I have written before about (what is now) clause 64 of the Criminal Justice and Courts Bill. If enacted, it will insert new provisions into s 31 of the Senior Courts Act 1981 such that relief must be refused

if it appears to the court to be highly likely that the outcome for the applicant would not have been substantially different if the conduct complained of had not occurred.

It will also be possible—and sometimes obligatory—for the court to consider this point not at the substantive-hearing stage, but at the permission stage. The High Court will be permitted—and, if the defendant makes a request,  required—to consider whether the outcome would have been substantially different absent the impugned conduct, and will have to refuse to grant leave if it is highly likely that the outcome would not have been substantially different. This contrasts with the present position, whereby courts may refuse relief or refuse to grant leave if satisfied that it is inevitable that the outcome would have been no different.

Clause 64 (along with other aspects of the Bill) was considered by the House of Lords on 28 July. Notable contributions to the debate were made by former Lord Chief Justice Lord Woolf and former Supreme Court Justice Lord Brown. In relation clause 64, Lord Woolf said that courts already consider whether the outcome would have been substantially different

and, in their discretion, will refuse relief—indeed, they will refuse permission to make the application—if they are of the view that the application is misconceived and it is not appropriate that it should go forward, even though there may be some technical reasons why it could be successful. Clause 64 has the effect of changing what is the court’s discretion to take that action into action which it must take. That is very different, because it would need to decide whether someone who has a remedy—that is the premise of Clause 64—should be turned away from the court even without having his case heard, as the refusal applies to the process of granting permission to apply for judicial review as well as judicial review itself. This would be very unfortunate. In particular, I do not think, with the greatest respect to the draftsman of Clause 64, that he had in mind the increasingly important jurisdiction of the High Court, on application for judicial review, to grant declarations.

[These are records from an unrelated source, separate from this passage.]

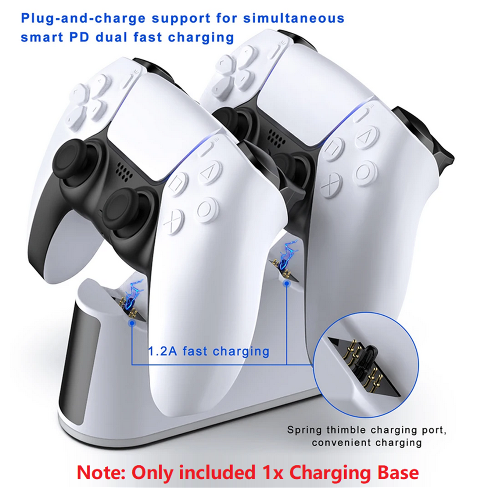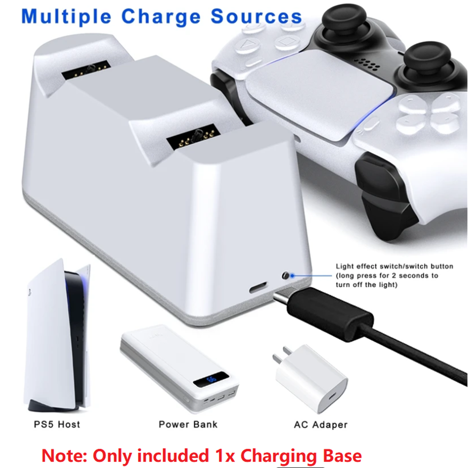 Easy To Use: Non-slip design: Designed for ps5 dual charging station with ease of use in mind. Simply connect the dock to your for PS 5 console and place the controllers directly onto the for PS5 charging dock. offers the for ps5 controller a perfect hold during charging and storage
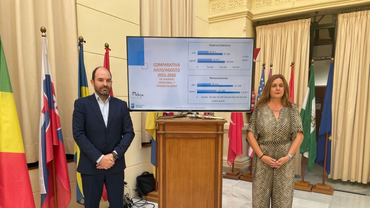 De acuerdo con la Encuesta de Ocupación Hotelera publicada por el Instituto Nacional de Estadística (INE), los meses de julio y agosto de 2021 han sido los primeros que se acercan a los niveles de 2019, previos a la pandemia de la COVID-19, e incluso duplican las cifras de viajeros con respecto los mismos meses del año 2020. Así lo ha anunciado esta mañana la concejala de concejala de Turismo, Promoción de la Ciudad y Captación de Inversiones, Rosa Sánchez, quien ha señalado que los datos de ocupación hotelera de julio y agosto en la ciudad de Málaga han arrojado más de 204.000 viajeros y más de 510.000 pernoctaciones en estos dos mes de verano.
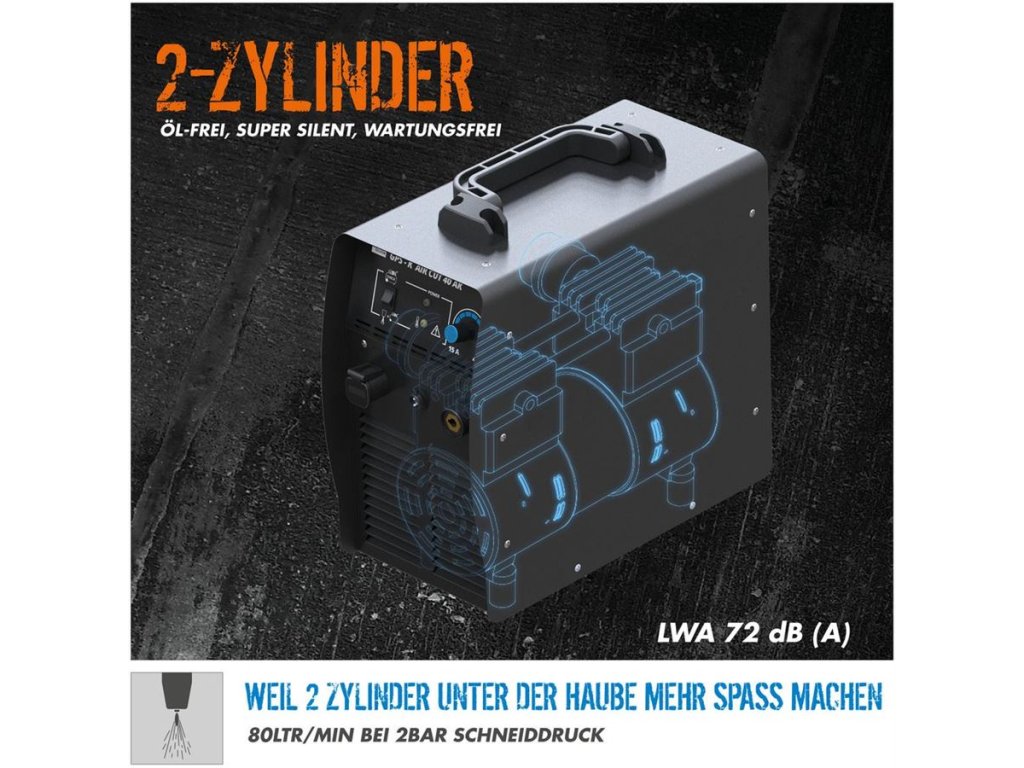 Vlastní zdroj stlačeného vzduchu (vestavěný kompresor) • plazmové zařízení s vhodným využitím v (domácích) dílnách nebo při opravách (montážích) venku.
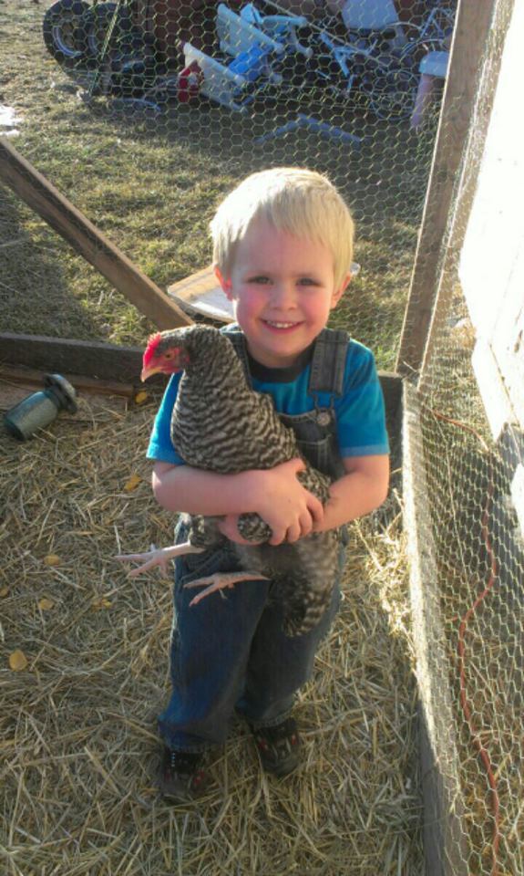 This is my great-nephew holding Aragorn, only took me about 3 weeks to get him to let anyone hold him. Ethan comes over on the weekends and loves to help me with the chicken chores and was so tickled that he was able to pick one of the chickens up, but I can't take credit for the picture because his dad took it when they (his mom and dad) came in to pick him up today.
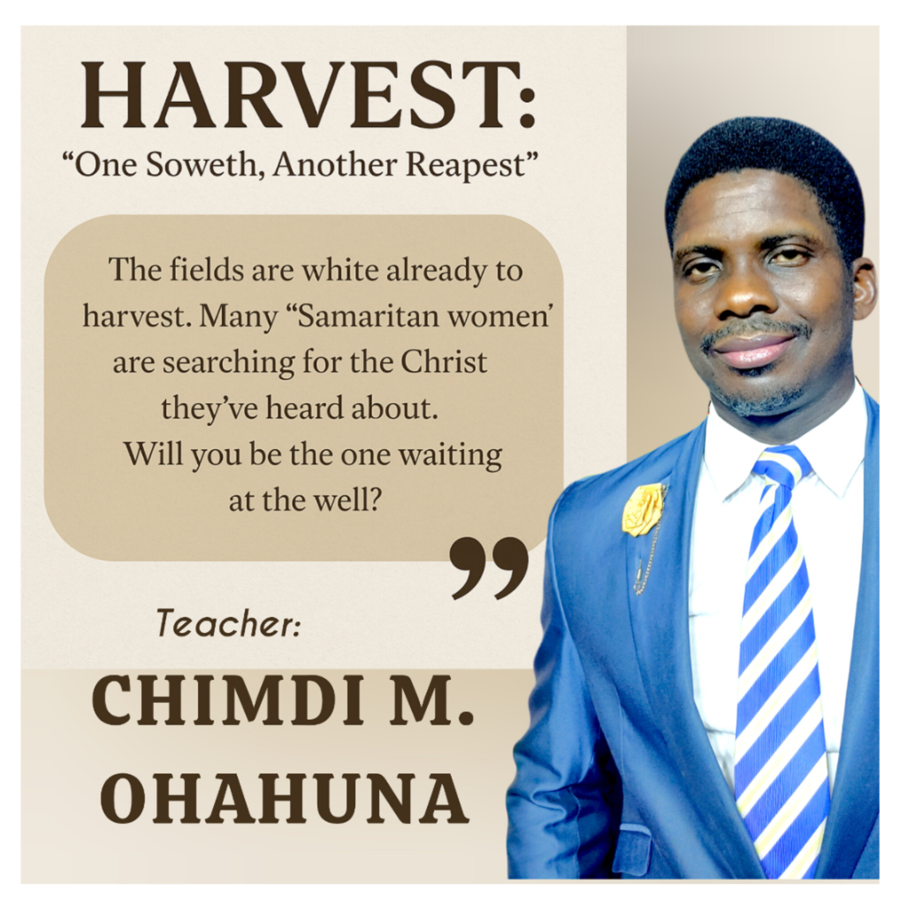 HARVEST| One Soweth, Another Reapest| John 4:37–38 | Hebrews 1:1 | Isaiah 9:6| CHIMDI OHAHUNA

In the case of a declaration, what the court does is to clarify the legal position. It may well be possible to have a case … where what is at stake is a matter of only a few pounds, but where the citizens in general will all be affected by a few pounds. We do not want, in that situation, to have more than one application; otherwise it is simply duplicating the work of the court. A single application will be made and the court will come to a decision. If the decision is in favour of the applicant, he may recover the few pounds to which I referred. The provision in Clause 64 would, it seems to me, make that impossible. It is clear from the Explanatory Note that the Government have in mind declaratory relief in this context. This illustrates why the proposal is most unfortunate. The position is one where the courts need to have flexibility, so as to do justice to the different parties, as I have indicated. The clause, unless the Minister makes it clear that I am wrong on this, will prevent that.

Meanwhile, Lord Brown argued that clause 64 reflects a fundamental misapprehension on the part of the Government as to the nature and purpose of judicial review. He said that the clause

dictates that the court must, without more ado, dismiss the challenge—with no relief or declaration. It is a slippery clause, as the noble Lord, Lord Carlile, has explained. As others have explained, the court on judicial review is simply not concerned with the substantive merits or demerits of the decision, only with the question whether the impugned decision was lawfully arrived at. The merits of a decision which is under challenge in judicial review are not for the court but for the public authority alone.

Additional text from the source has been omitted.